Exercise goal: Write out, please, each line from the one containing "Goździki, Wstążka, Talerzyk, Koperta, Serduszko" to the final line of the data, both included, exactly and without pictures.
:: Collected data ::
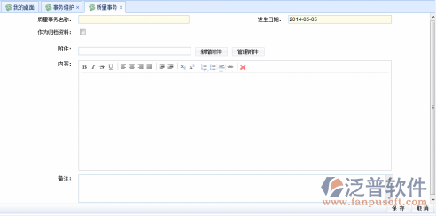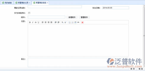 對工程上相關(guān)的質(zhì)量情況和對實際工作中發(fā)生的質(zhì)量事故和質(zhì)量事件進(jìn)行跟蹤、記錄。并上傳各種質(zhì)量記錄文件,使對質(zhì)量的控制做到有據(jù)可查;
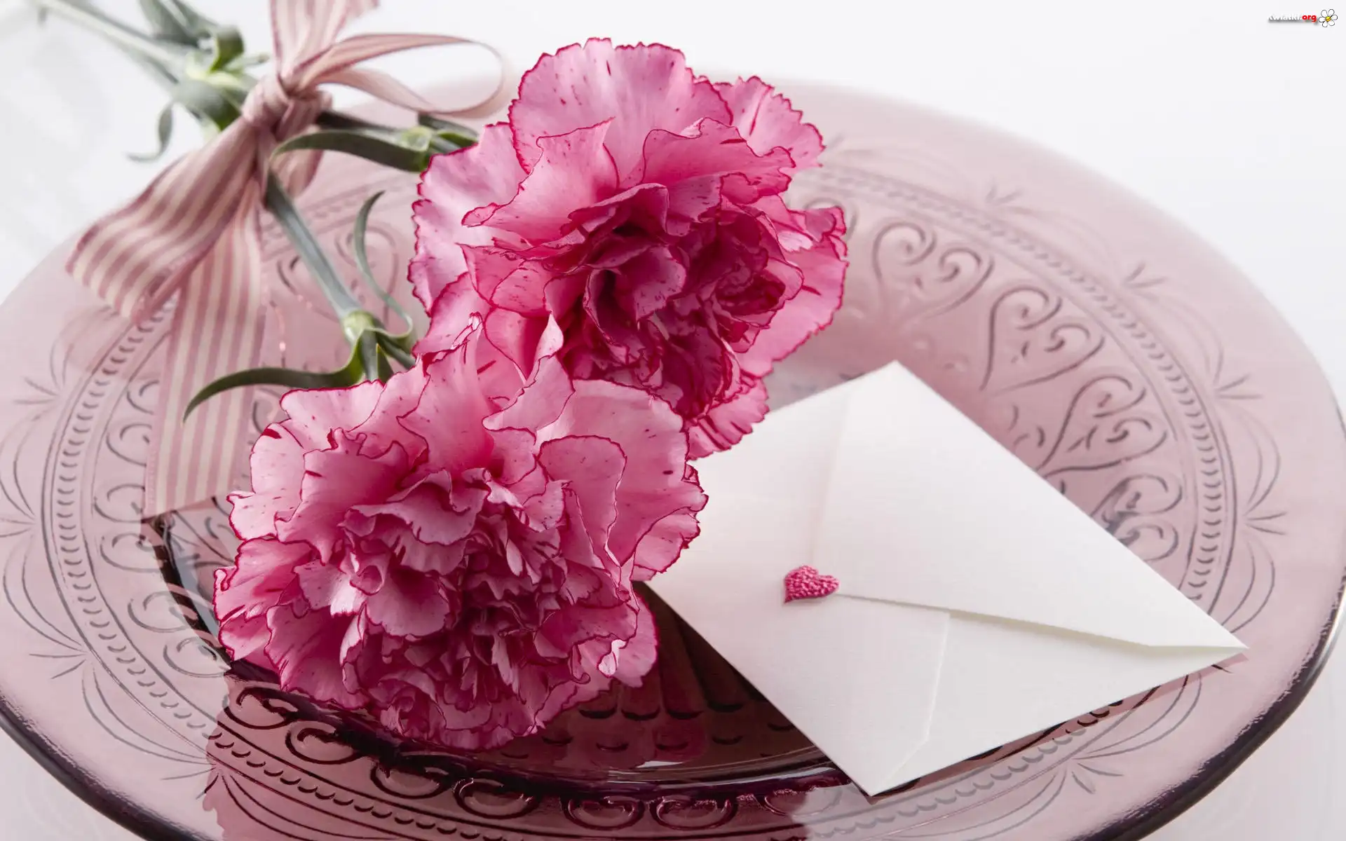 Goździki, Wstążka, Talerzyk, Koperta, Serduszko - Zdjęcia
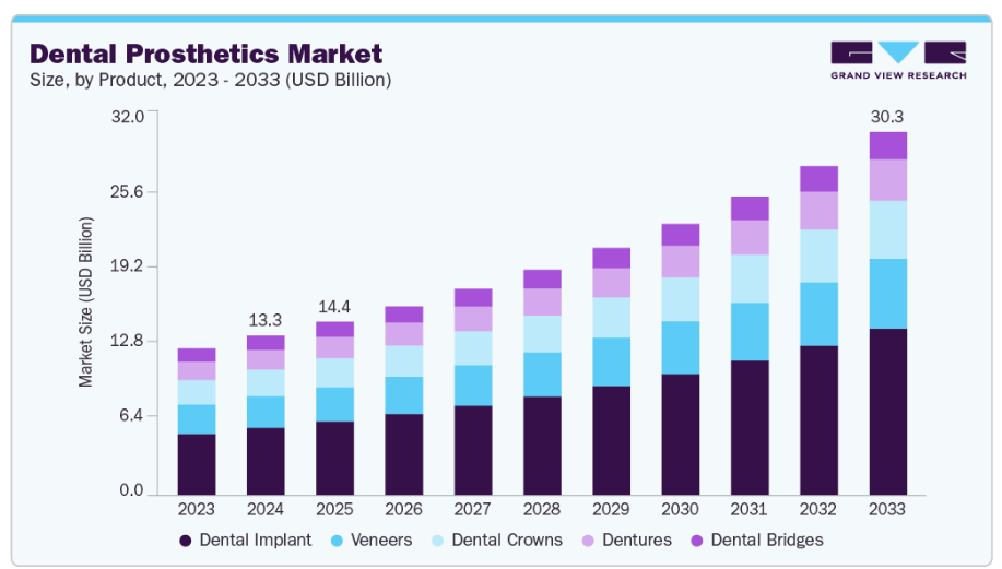 歯科補綴物市場は成長段階が高度であり、成長ペースは加速しています。新規製品の相次ぐ発売、審美歯科・美容歯科への需要増加、口腔疾患の負担増大により、市場は高い成長性を特徴としています。
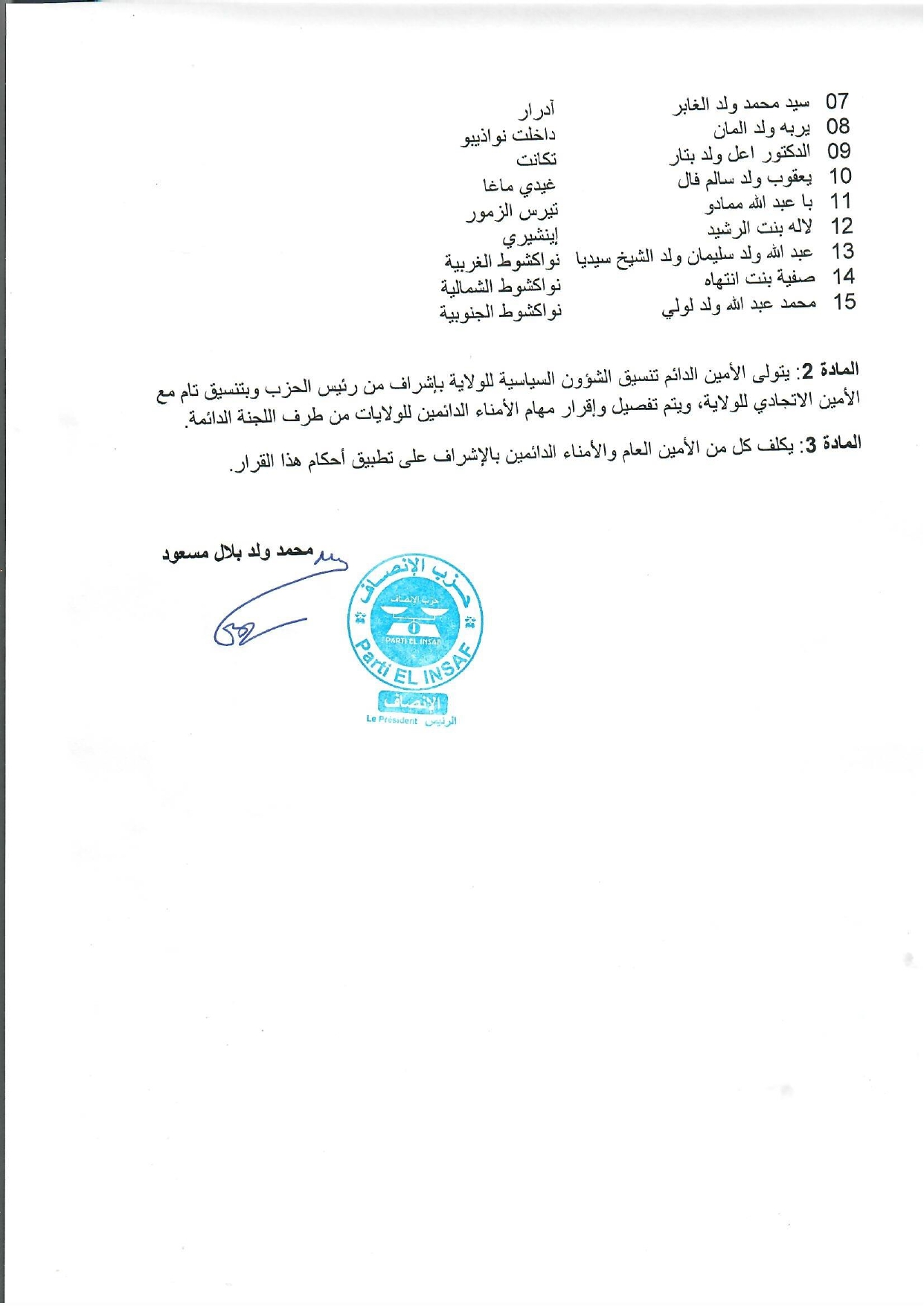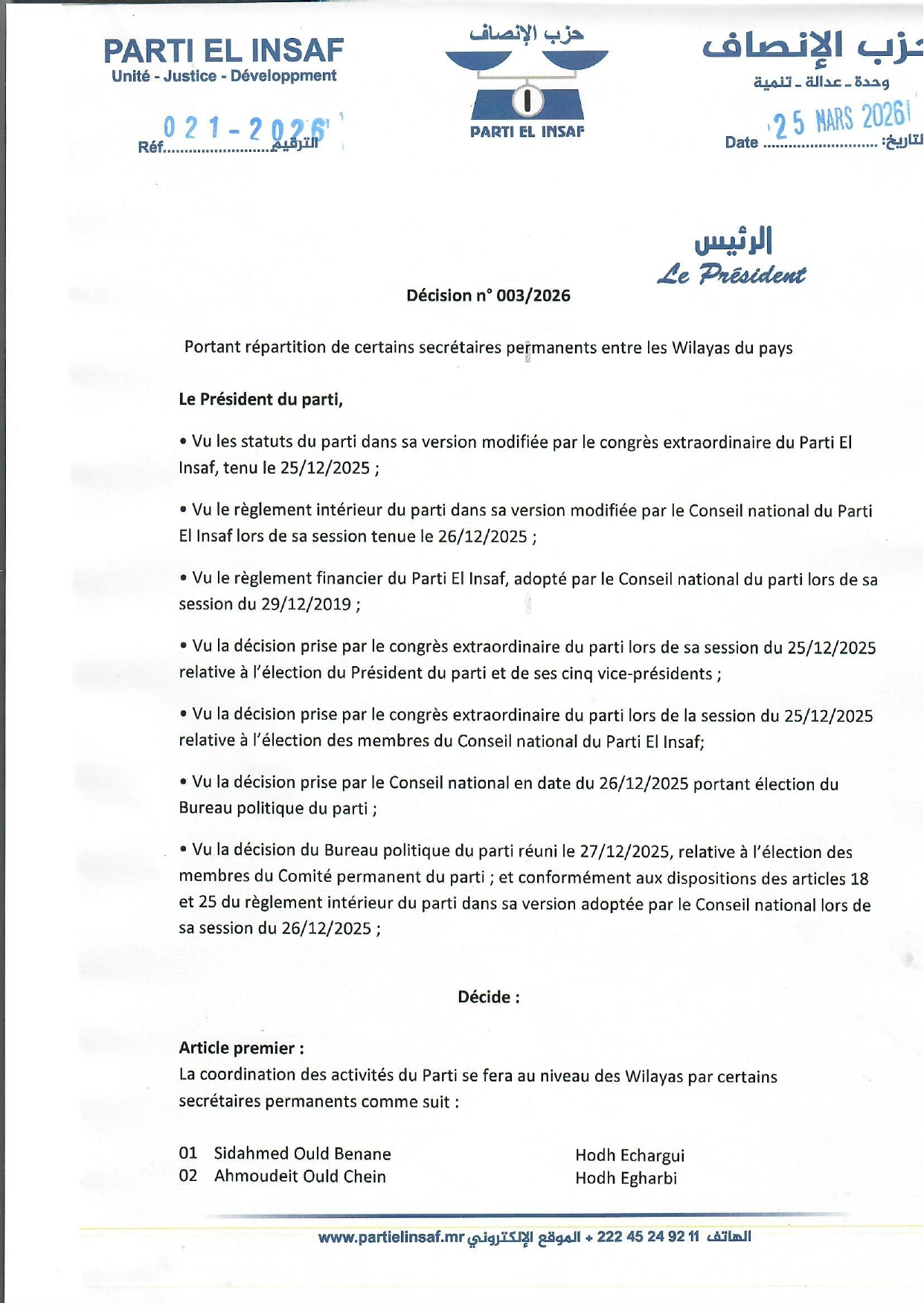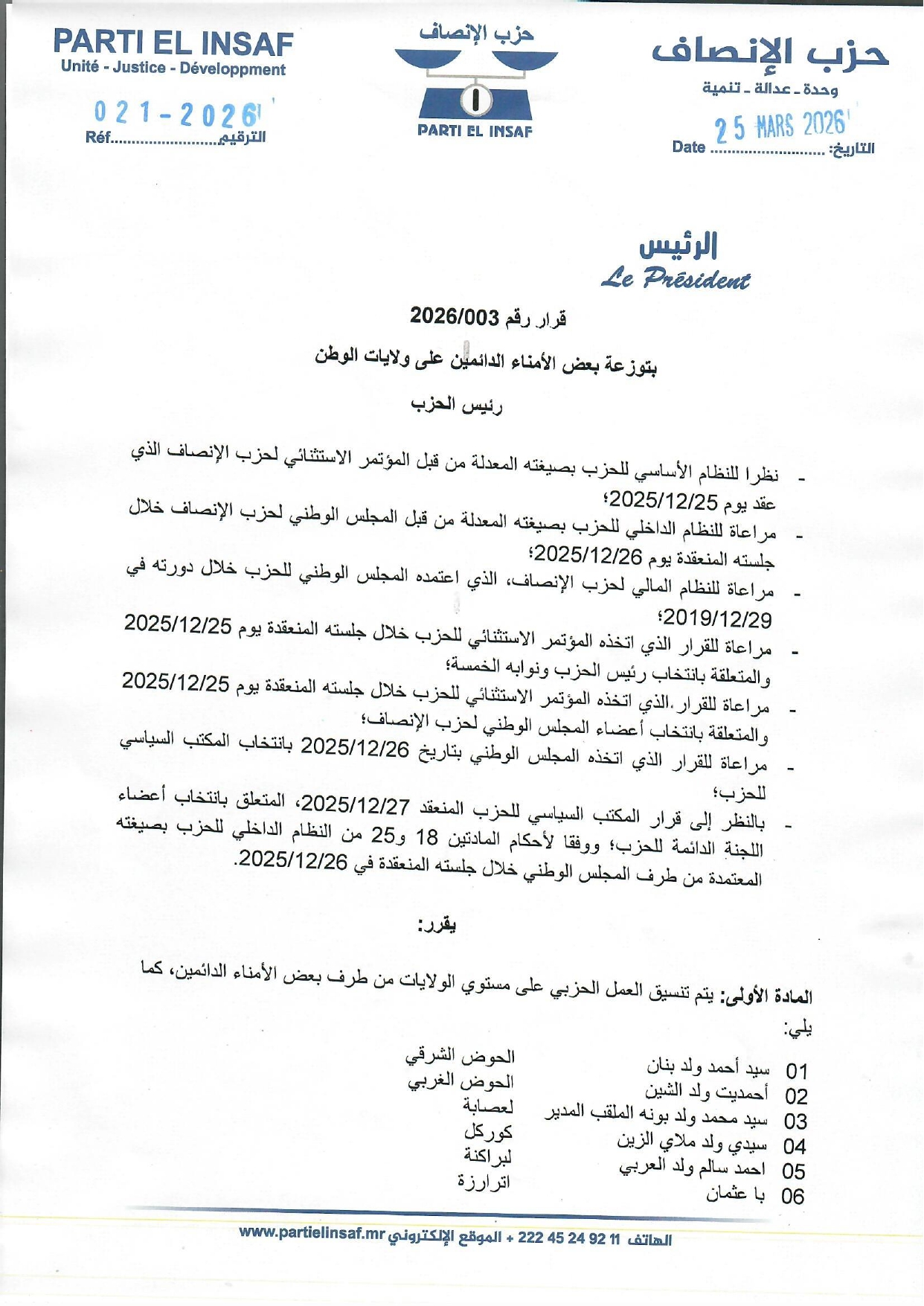 رئيس الحزب يصدر مذكرة بتوزيع الأمناء الدائمين على بعض ولايات الوطن
:::
Response:
 Goździki, Wstążka, Talerzyk, Koperta, Serduszko - Zdjęcia
 歯科補綴物市場は成長段階が高度であり、成長ペースは加速しています。新規製品の相次ぐ発売、審美歯科・美容歯科への需要増加、口腔疾患の負担増大により、市場は高い成長性を特徴としています。
 رئيس الحزب يصدر مذكرة بتوزيع الأمناء الدائمين على بعض ولايات الوطن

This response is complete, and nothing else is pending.